1.4 Gwen

Gwen

Vor der Backstube herrschte reges Treiben. Da heute Brotausgabe war, war dies heute der Treffpunkt für alle Klatschtanten. Das Thema der Unterhaltungen war natürlich der Dämon. Darüber hinaus gab es zahlreiche Spekulationen, welches Mädchen denn erwählt werden würde. Das ganze Geschnatter war kaum auszuhalten. Mit dementsprechend stark brummendem Schädel betrat sie die Backstube. Dort wartete eine Überraschung auf sie. Der Primus und der Blondschopf.

„Gwen, da bist du ja endlich." Ihre Mutter kam auf sie zu und schob sie direkt vor den Fremden. „Das ist Tyris." Jetzt fiel auch bei ihr der Groschen. Tyris, der älteste Sohn des Primus.

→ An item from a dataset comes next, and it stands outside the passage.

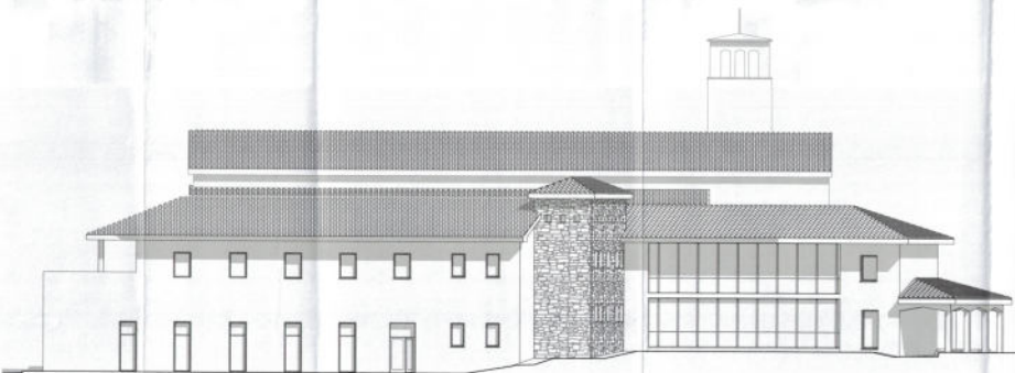
PROSPETTO LATO PARCO

Mäßig begeistert nickte sie ihm zu. „Und was jetzt?" Ihre Frage richtete sie an ihre Mutter.

Jetzt äußerte sich der Prim. Er war ein etwas älterer, stattlich gebauter Mann mit Geheimratsecken. „Tyris kann dir mit deinen Kopfschmerzen helfen."

„Nein." Fassungslos starrte sie zwischen den beiden hin und her. „Sie machen Witze."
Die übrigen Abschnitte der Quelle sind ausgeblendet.